Download Private Key: Once the key pair is created, a private key file (.pem) will be automatically downloaded to your local machine. This private key file authenticates SSH connections to your EC2 instances.

Launch your instance with security configurations that allow port and http traffic. After launching and connecting to your instance, copy the SSH command from it so you can post it on your local terminal to access the instance remotely. In the following image, the green highlighted portion is what you need to copy and paste into your local/terminal.
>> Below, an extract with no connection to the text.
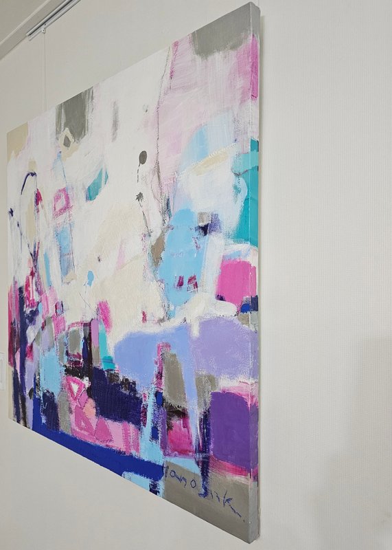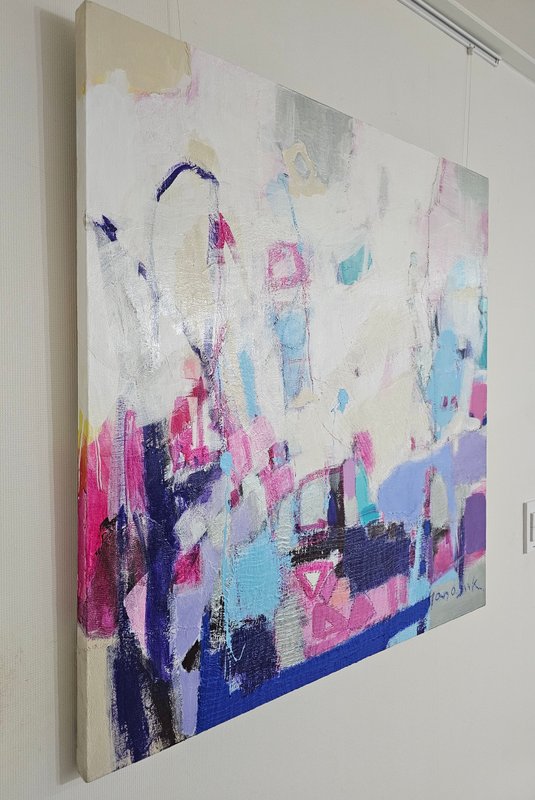 한영숙 작가의 작품은 서로 다른 색과 형태를 지닌 색면과 드리핑 기법을 사용한 점으로 구성되어 있습니다. 작품 속 조형 요소들은 마치 현대 사회를 살아가는 사람들의 모습과 닮아 있습니다. 우리가 사는 세상 속 각각의 생명체는 서로 영향을 주고받으며 살아갈 수밖에 없는 관계적인 존재인 동시에 개인은 고유의 독립된 인격체인 개성을 가집니다. 즉, 이 두 가지를 모두 수용한 한영숙 작가의 작품에서는 색면이 구성해 내는 조화의 아름다움을 느끼고, 그와 함께 우리가 사는 세상을 이루는 요소들의 관계와 ‘자유로운 질서’에 대해 생각해 볼 수 있습니다. 또한, 다름이 주는 조화를 통해 자유로운 상상력을 발휘할 수 있음은 물론 마음에 여유와 따뜻함을 불러일으킵니다.
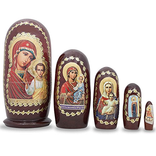 -. Title : 4.5'' Set of 5 Mary and Jesus Christian Icons Russian Wooden Nesting Dolls

STEP 2: SSH into the EC2 Instance

Open your computer’s terminal. If your private key file (.pem) is located in a directory, you’ll need to specify the full path to the key file when using the SSH command to connect to your EC2 instance. Here’s how you can do it:

Let’s say your key(.pem file) is in Downloads. Then, you need to place your SSH command there. So, all you need to do is open your terminal, navigate to the Downloads directory, and paste your command there.

cd ~/Downloads

Now Paste your SSH command, which might look like the example: ssh -i “sentiment_analysiskey.pem” [email protected]

STEP 3: Installing the necessary Components from the Ubuntu Repositories

The first step is to install all necessary components from the Ubuntu repositories. This includes the Python components, which Pip will manage, and the Python package manager. The Python development files required to assemble Gunicorn components will also be provided. When installing the packages that enable you to create your Python environment, you must first update the local package index.

sudo apt update 
sudp apt upgrade

Then, install the Python-pip command to install pip and the virtual environment.

sudo apt install python3-pip
sudo apt install python3-venv

Then, install the net stat package. The net-tools package displays network-related information, such as active network connections, routing tables, interface statistics, etc.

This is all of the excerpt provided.